Exercise description. Leave the pictures out and repeat the rest of the data below exactly.

Collected data

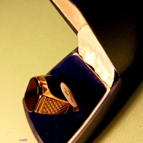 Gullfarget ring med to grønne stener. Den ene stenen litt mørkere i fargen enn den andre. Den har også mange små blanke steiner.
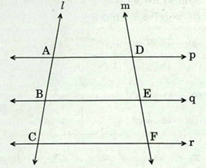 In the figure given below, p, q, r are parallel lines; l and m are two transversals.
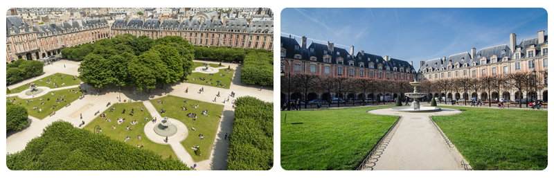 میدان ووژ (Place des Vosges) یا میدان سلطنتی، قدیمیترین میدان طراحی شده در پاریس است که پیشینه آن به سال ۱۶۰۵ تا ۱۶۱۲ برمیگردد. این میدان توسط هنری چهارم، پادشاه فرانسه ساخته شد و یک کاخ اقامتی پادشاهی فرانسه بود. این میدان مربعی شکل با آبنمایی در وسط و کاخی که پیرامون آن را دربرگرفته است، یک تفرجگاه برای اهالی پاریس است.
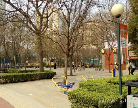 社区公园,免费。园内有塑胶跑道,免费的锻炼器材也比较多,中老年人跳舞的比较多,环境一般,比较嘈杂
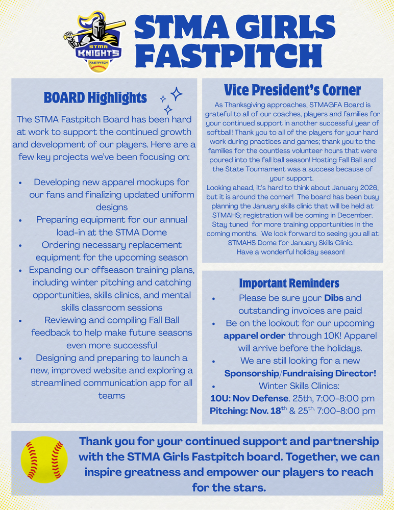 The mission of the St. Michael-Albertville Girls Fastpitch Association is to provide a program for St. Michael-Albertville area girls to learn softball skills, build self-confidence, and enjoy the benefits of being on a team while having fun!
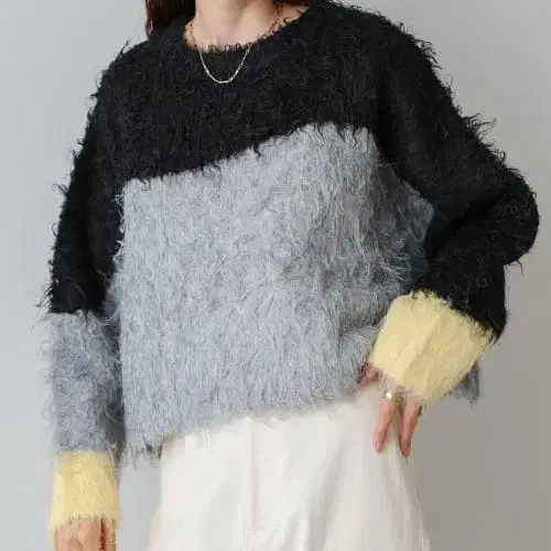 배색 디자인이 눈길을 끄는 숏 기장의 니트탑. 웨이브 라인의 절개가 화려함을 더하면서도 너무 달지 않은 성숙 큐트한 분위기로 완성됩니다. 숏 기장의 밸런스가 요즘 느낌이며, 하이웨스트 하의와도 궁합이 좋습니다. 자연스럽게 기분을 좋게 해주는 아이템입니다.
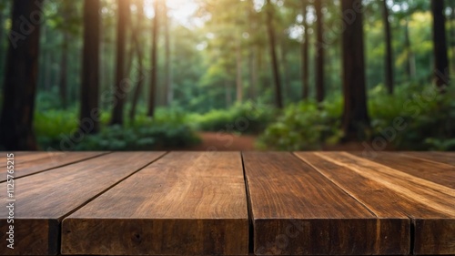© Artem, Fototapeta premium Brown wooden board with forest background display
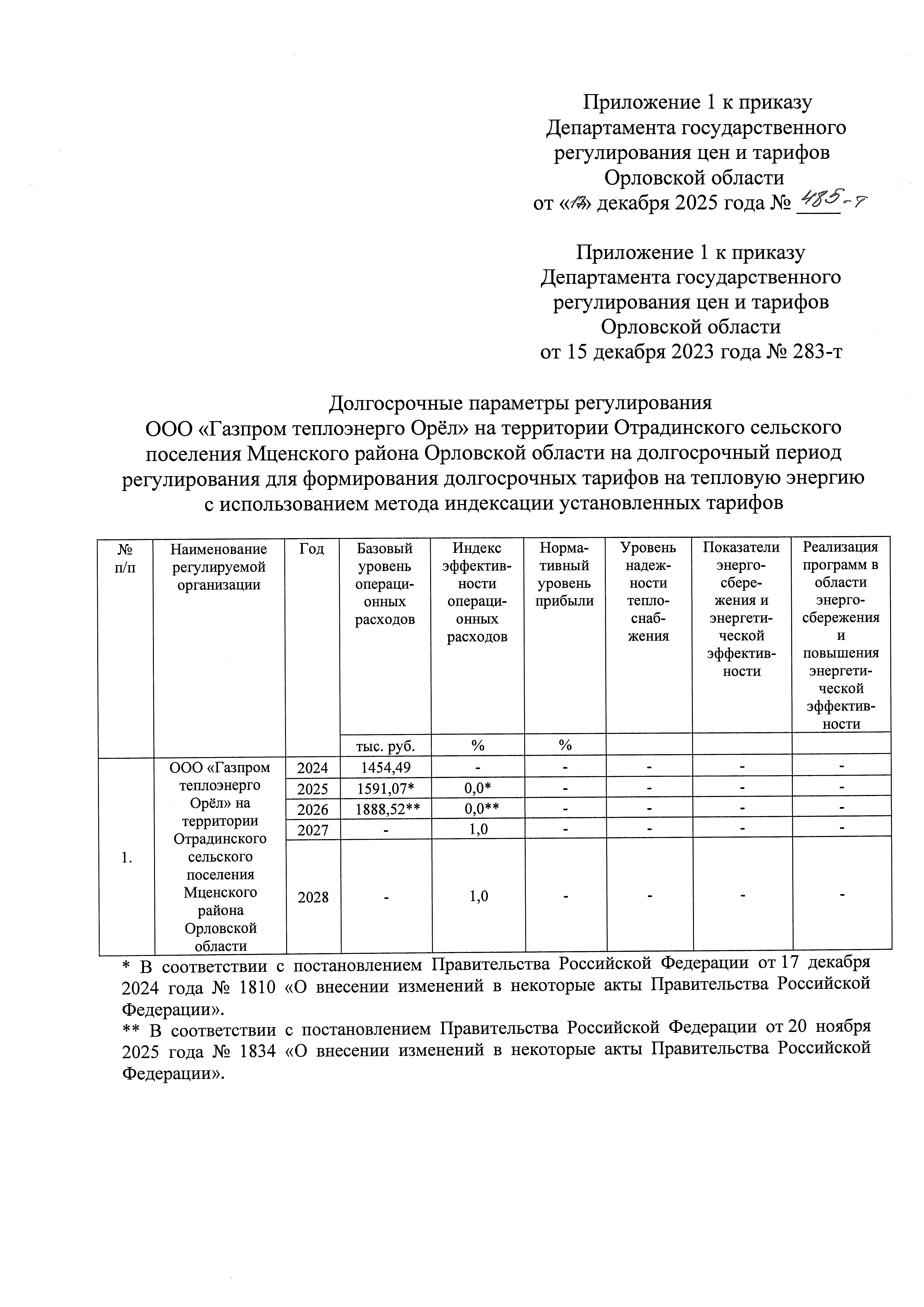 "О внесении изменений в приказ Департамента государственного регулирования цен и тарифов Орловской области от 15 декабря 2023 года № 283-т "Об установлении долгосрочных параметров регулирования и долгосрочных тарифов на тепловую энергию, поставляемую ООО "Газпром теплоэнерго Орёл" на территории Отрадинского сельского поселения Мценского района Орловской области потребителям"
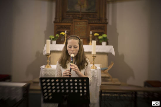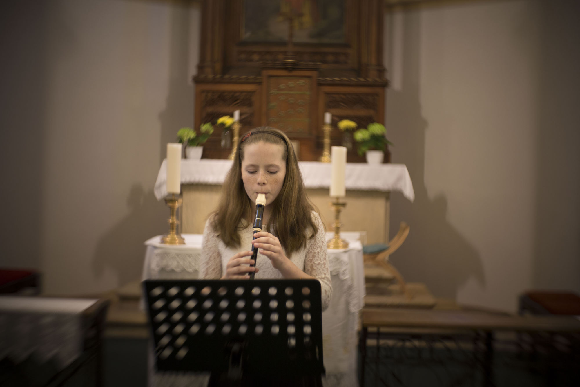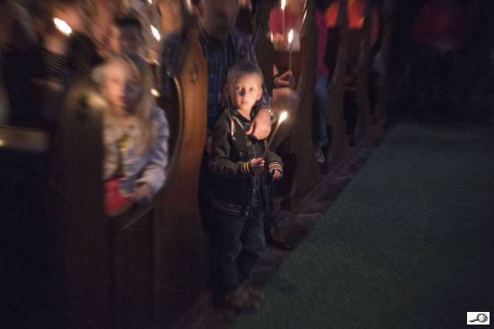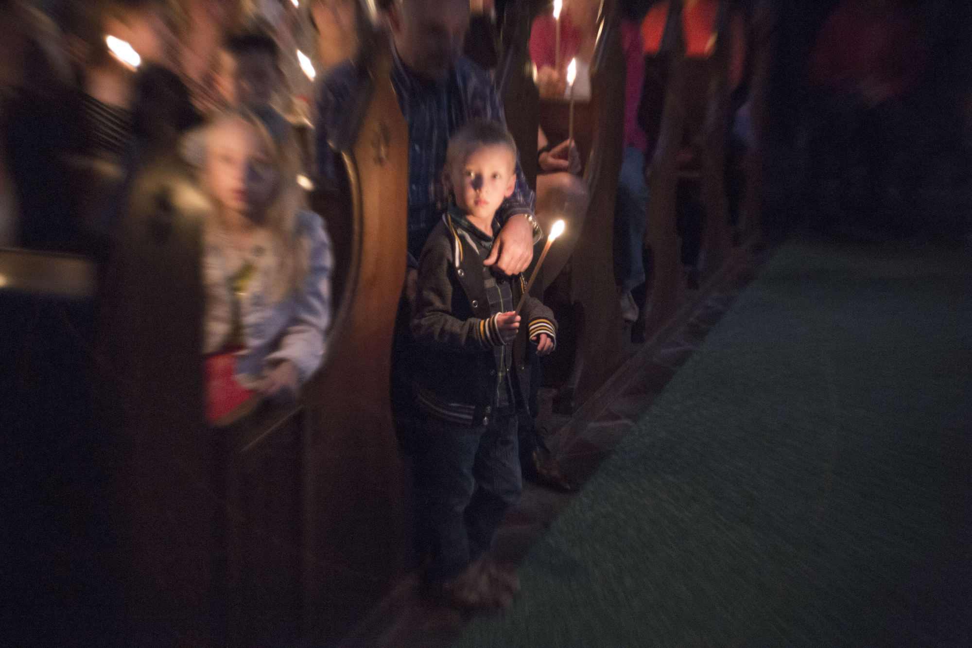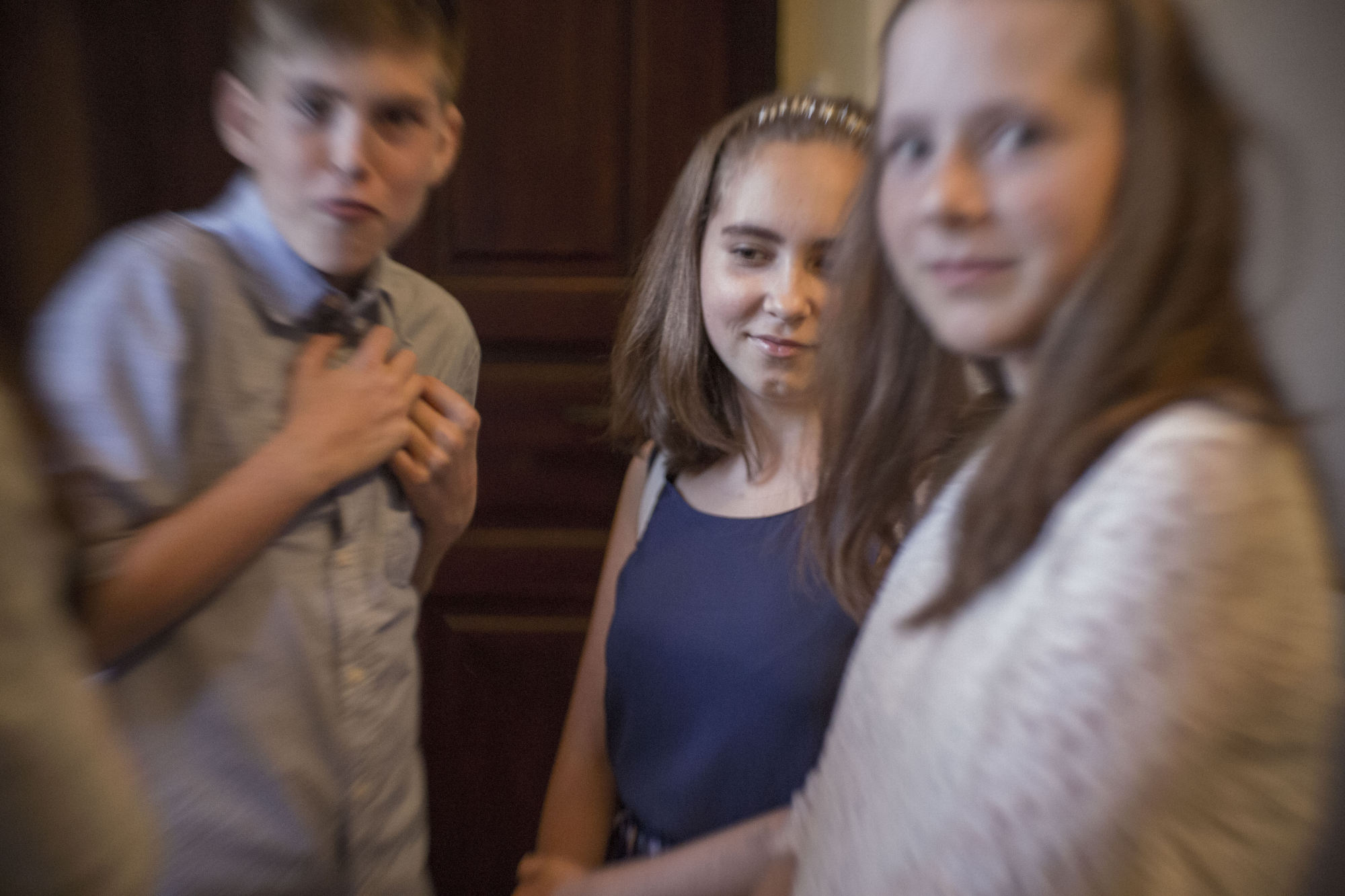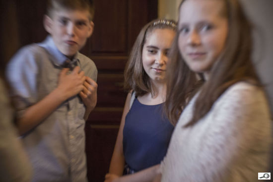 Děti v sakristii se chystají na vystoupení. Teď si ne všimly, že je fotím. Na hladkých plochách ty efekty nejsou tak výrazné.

Answer space.
 Gullfarget ring med to grønne stener. Den ene stenen litt mørkere i fargen enn den andre. Den har også mange små blanke steiner.
 In the figure given below, p, q, r are parallel lines; l and m are two transversals.
 میدان ووژ (Place des Vosges) یا میدان سلطنتی، قدیمیترین میدان طراحی شده در پاریس است که پیشینه آن به سال ۱۶۰۵ تا ۱۶۱۲ برمیگردد. این میدان توسط هنری چهارم، پادشاه فرانسه ساخته شد و یک کاخ اقامتی پادشاهی فرانسه بود. این میدان مربعی شکل با آبنمایی در وسط و کاخی که پیرامون آن را دربرگرفته است، یک تفرجگاه برای اهالی پاریس است.
 社区公园,免费。园内有塑胶跑道,免费的锻炼器材也比较多,中老年人跳舞的比较多,环境一般,比较嘈杂
 The mission of the St. Michael-Albertville Girls Fastpitch Association is to provide a program for St. Michael-Albertville area girls to learn softball skills, build self-confidence, and enjoy the benefits of being on a team while having fun!
 배색 디자인이 눈길을 끄는 숏 기장의 니트탑. 웨이브 라인의 절개가 화려함을 더하면서도 너무 달지 않은 성숙 큐트한 분위기로 완성됩니다. 숏 기장의 밸런스가 요즘 느낌이며, 하이웨스트 하의와도 궁합이 좋습니다. 자연스럽게 기분을 좋게 해주는 아이템입니다.
© Artem, Fototapeta premium Brown wooden board with forest background display
 "О внесении изменений в приказ Департамента государственного регулирования цен и тарифов Орловской области от 15 декабря 2023 года № 283-т "Об установлении долгосрочных параметров регулирования и долгосрочных тарифов на тепловую энергию, поставляемую ООО "Газпром теплоэнерго Орёл" на территории Отрадинского сельского поселения Мценского района Орловской области потребителям"
 Děti v sakristii se chystají na vystoupení. Teď si ne všimly, že je fotím. Na hladkých plochách ty efekty nejsou tak výrazné.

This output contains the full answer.